§ Problem description: Skip all pictures. Write out the data below from its first line through the line that contains "Next, select your".

§ Input data:
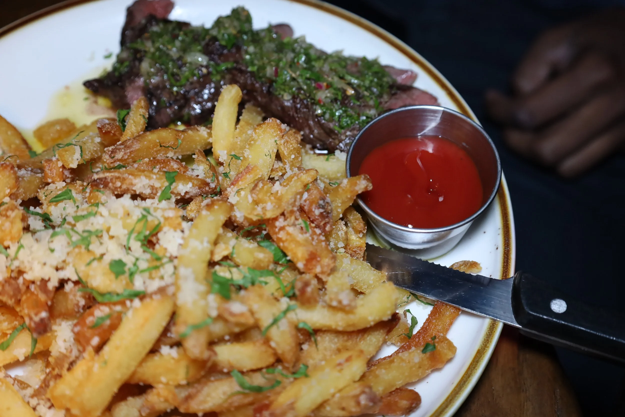 Fried French fries topped with chopped herbs, sliced steak with green sauce, and a small cup of ketchup on a white plate with a gold rim.
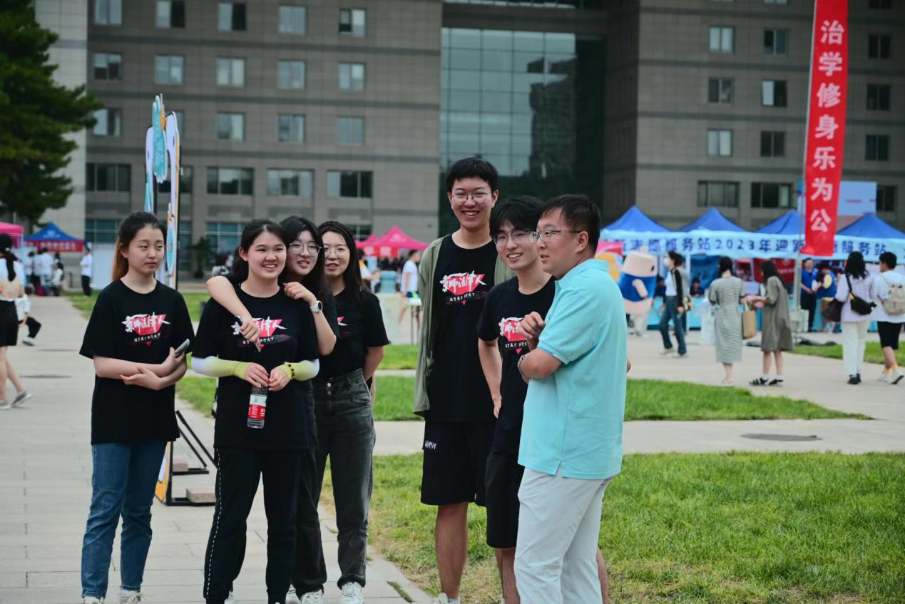 (马骏校长前来视察迎新工作并与大家合影)
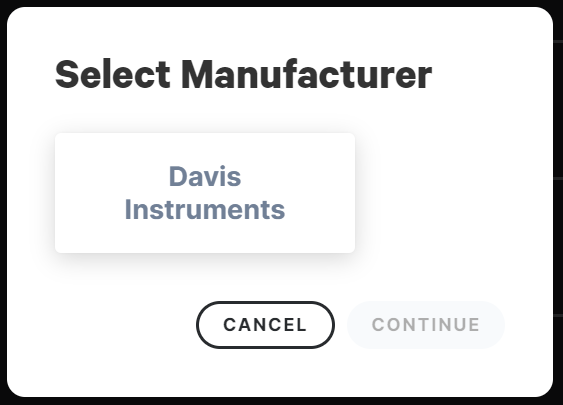 Next, select your station’s manufacturer. The only manufacturer available as of this post's publishing is Davis - but don’t worry, more manufacturers will be supported soon!
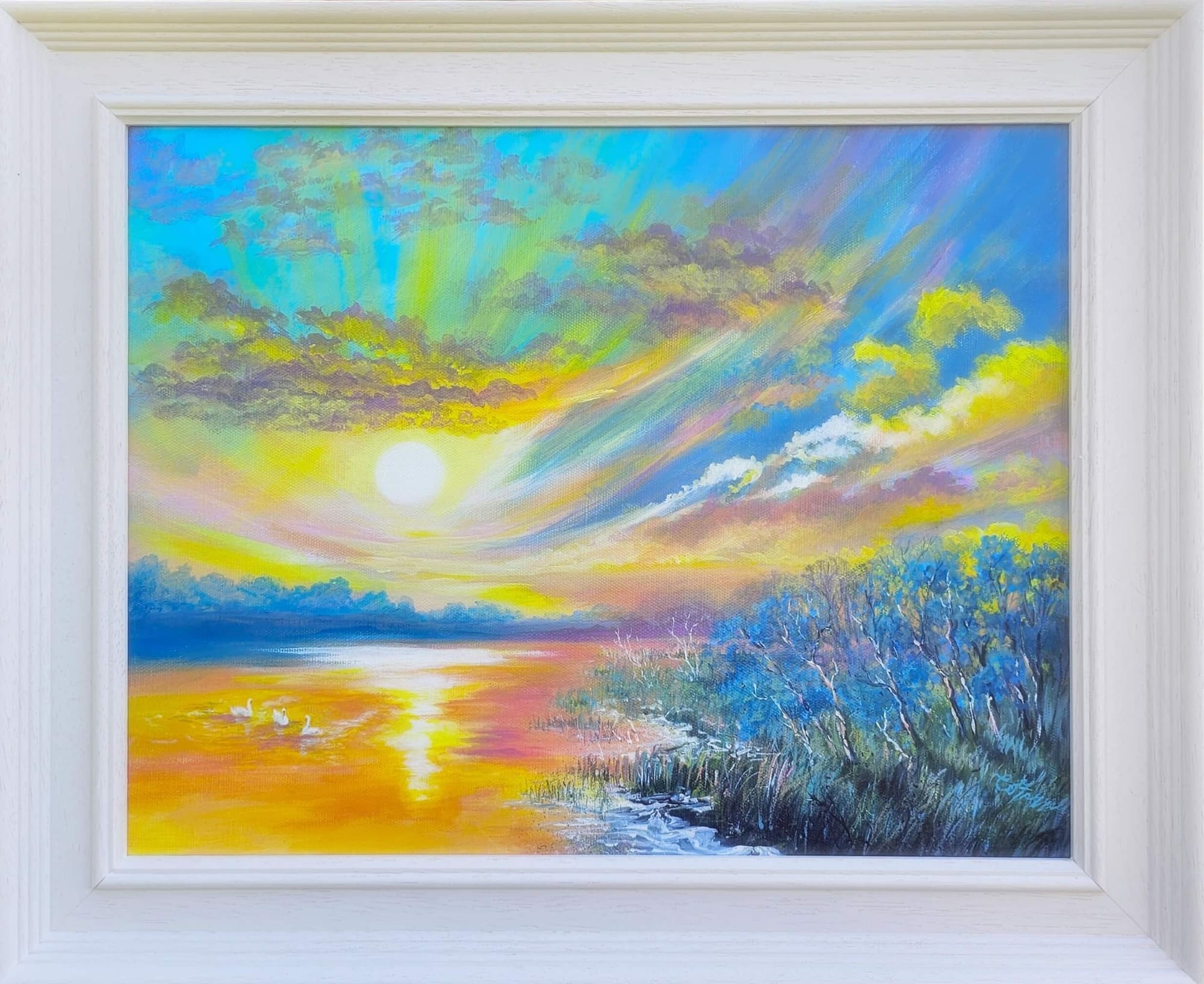 Can you imagine sitting by this tranquil lakeside as the day turns into night, the sun gradually descends below the horizon, it casts a warm glow across the lake.

§ Your solution:
 Fried French fries topped with chopped herbs, sliced steak with green sauce, and a small cup of ketchup on a white plate with a gold rim.
 (马骏校长前来视察迎新工作并与大家合影)
 Next, select your station’s manufacturer. The only manufacturer available as of this post's publishing is Davis - but don’t worry, more manufacturers will be supported soon!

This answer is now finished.